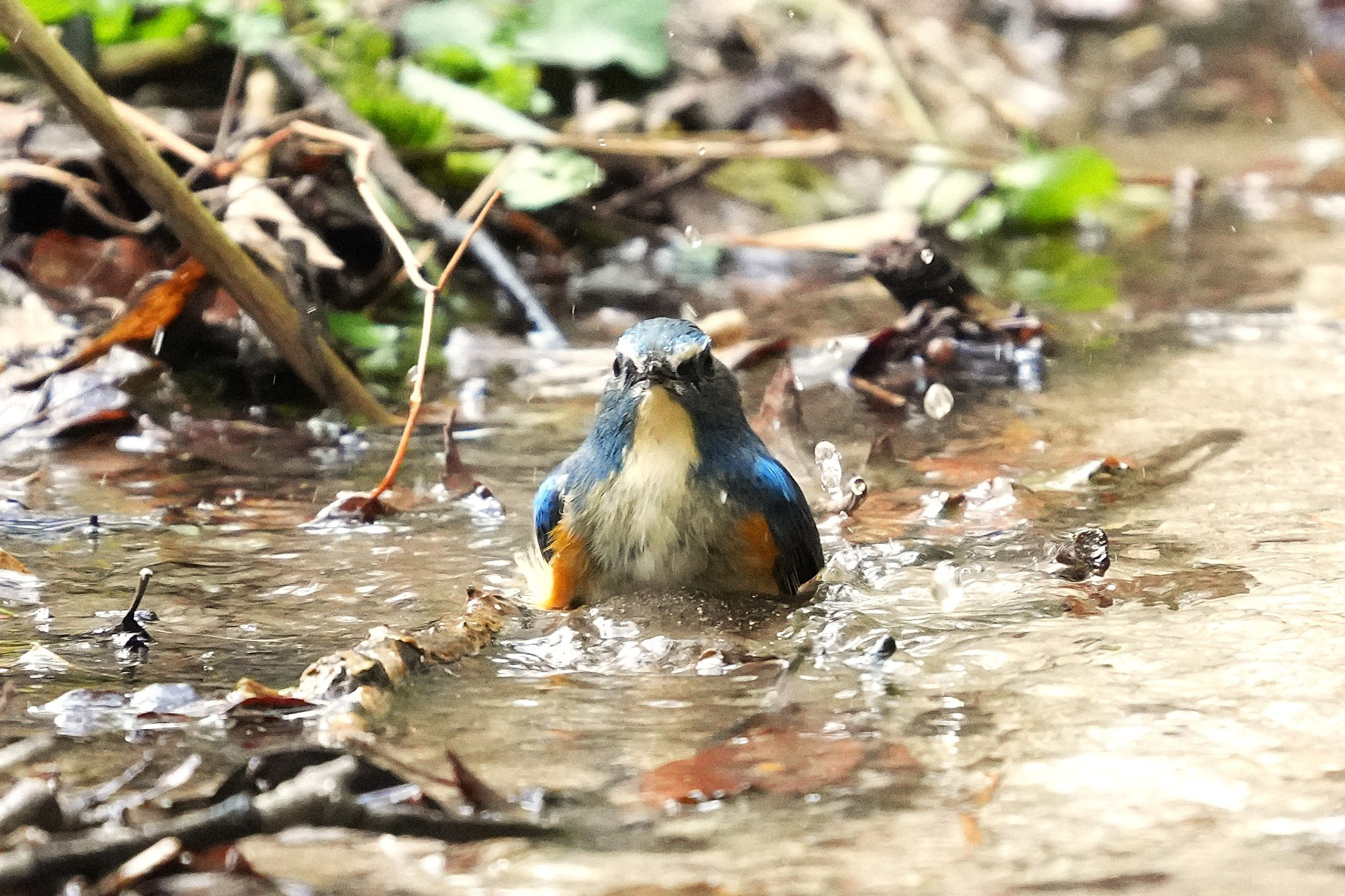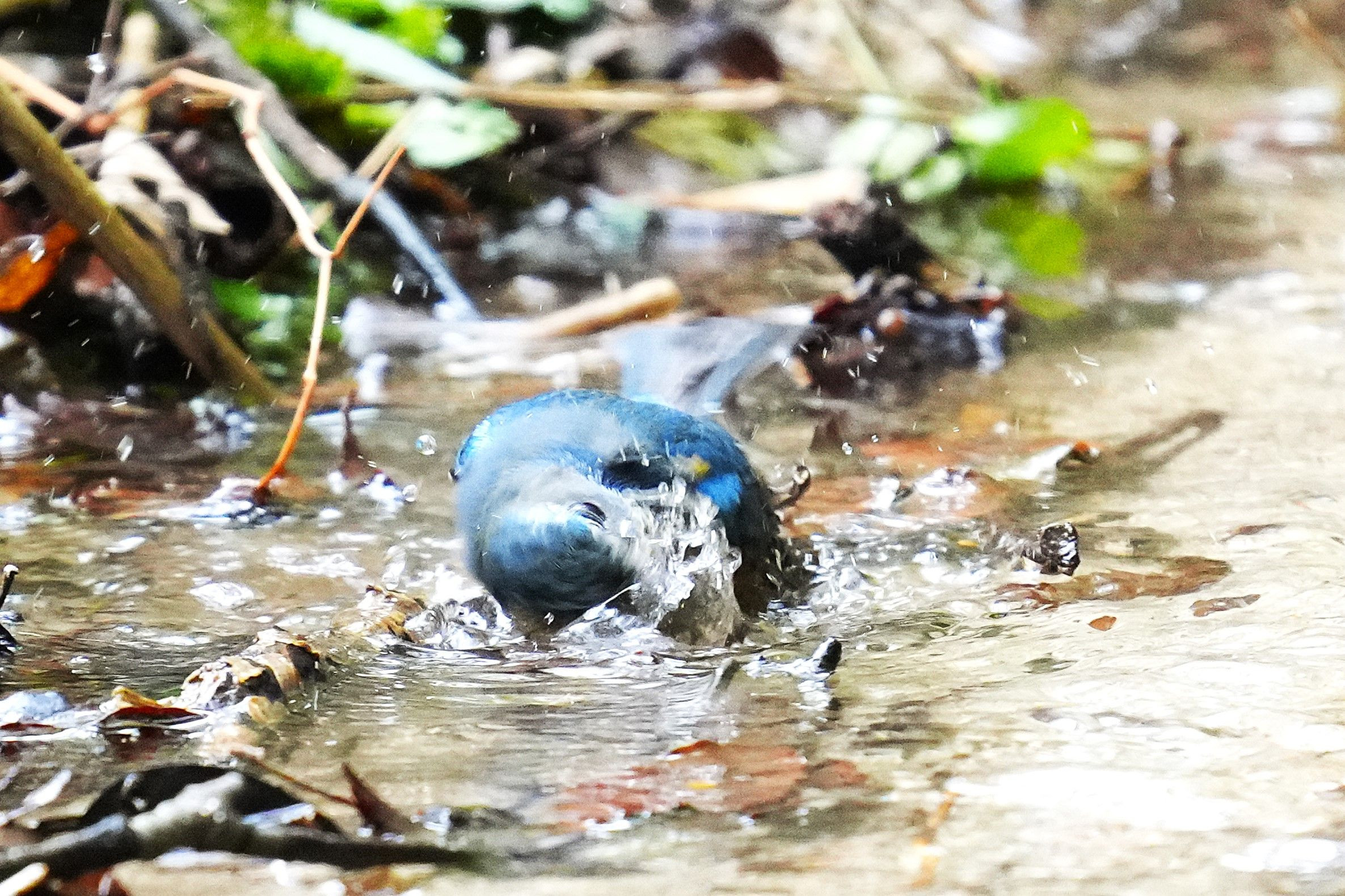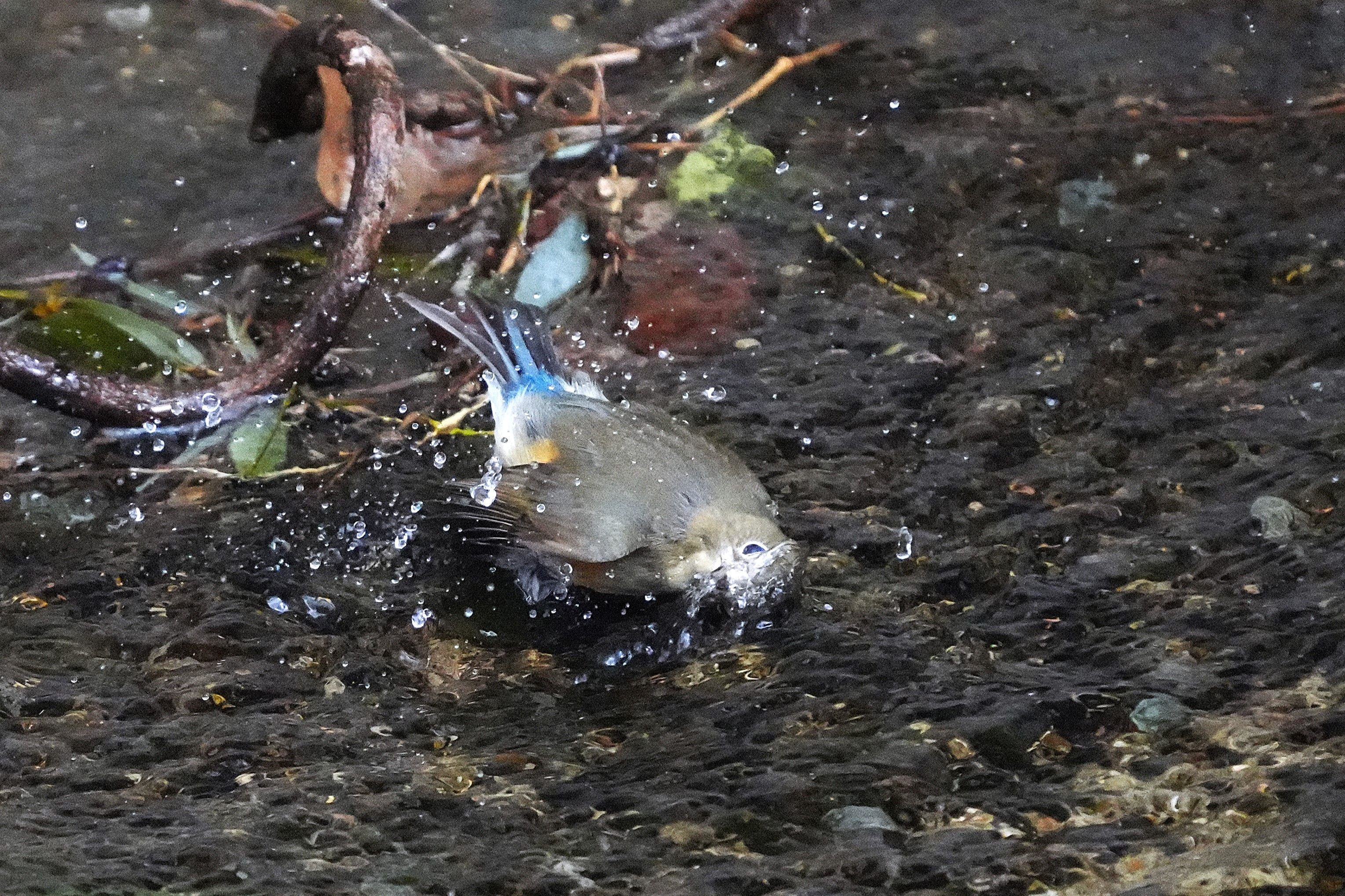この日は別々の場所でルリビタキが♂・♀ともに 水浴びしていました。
* * *
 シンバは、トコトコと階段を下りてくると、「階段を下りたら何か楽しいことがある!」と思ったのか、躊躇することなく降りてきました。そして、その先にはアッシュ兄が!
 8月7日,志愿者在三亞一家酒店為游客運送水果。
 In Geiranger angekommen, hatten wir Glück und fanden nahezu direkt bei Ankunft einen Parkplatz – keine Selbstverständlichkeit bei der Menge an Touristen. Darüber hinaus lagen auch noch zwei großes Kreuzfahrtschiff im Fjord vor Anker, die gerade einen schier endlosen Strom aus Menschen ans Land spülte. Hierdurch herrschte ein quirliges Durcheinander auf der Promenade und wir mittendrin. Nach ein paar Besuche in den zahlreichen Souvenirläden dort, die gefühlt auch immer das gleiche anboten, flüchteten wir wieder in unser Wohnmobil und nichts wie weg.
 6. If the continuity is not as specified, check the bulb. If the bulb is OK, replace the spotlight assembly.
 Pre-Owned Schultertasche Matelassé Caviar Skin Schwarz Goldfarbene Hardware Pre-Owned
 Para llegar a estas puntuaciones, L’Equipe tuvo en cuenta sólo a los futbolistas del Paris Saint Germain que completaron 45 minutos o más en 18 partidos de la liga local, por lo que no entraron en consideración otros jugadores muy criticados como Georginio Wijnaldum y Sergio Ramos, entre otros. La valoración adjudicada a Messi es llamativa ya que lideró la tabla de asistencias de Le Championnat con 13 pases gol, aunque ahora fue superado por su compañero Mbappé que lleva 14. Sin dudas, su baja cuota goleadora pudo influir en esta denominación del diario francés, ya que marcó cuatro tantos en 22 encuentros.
---
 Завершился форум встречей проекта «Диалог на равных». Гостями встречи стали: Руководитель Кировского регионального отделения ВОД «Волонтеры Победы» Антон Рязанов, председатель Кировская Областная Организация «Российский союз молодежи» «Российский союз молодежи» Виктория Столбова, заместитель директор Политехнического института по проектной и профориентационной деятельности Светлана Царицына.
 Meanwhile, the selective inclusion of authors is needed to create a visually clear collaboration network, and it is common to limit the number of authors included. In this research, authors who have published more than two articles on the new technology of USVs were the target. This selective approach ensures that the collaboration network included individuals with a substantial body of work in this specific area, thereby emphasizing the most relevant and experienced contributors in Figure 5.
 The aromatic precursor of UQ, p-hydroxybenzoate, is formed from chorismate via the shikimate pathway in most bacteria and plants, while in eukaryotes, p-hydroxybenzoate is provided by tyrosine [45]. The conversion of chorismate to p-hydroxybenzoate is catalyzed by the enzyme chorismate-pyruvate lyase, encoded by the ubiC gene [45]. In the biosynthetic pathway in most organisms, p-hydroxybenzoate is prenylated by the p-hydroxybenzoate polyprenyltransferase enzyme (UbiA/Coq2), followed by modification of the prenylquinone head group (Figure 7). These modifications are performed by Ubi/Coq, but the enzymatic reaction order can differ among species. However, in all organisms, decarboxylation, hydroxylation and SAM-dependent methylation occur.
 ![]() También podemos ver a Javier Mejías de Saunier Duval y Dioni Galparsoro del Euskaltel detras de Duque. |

Exercise:
Repeat, exactly as they stand above, the lines from the line with "6. If the continuity" to the line with "Para llegar a", both lines included.

Written reply:
 6. If the continuity is not as specified, check the bulb. If the bulb is OK, replace the spotlight assembly.
 Pre-Owned Schultertasche Matelassé Caviar Skin Schwarz Goldfarbene Hardware Pre-Owned
 Para llegar a estas puntuaciones, L’Equipe tuvo en cuenta sólo a los futbolistas del Paris Saint Germain que completaron 45 minutos o más en 18 partidos de la liga local, por lo que no entraron en consideración otros jugadores muy criticados como Georginio Wijnaldum y Sergio Ramos, entre otros. La valoración adjudicada a Messi es llamativa ya que lideró la tabla de asistencias de Le Championnat con 13 pases gol, aunque ahora fue superado por su compañero Mbappé que lleva 14. Sin dudas, su baja cuota goleadora pudo influir en esta denominación del diario francés, ya que marcó cuatro tantos en 22 encuentros.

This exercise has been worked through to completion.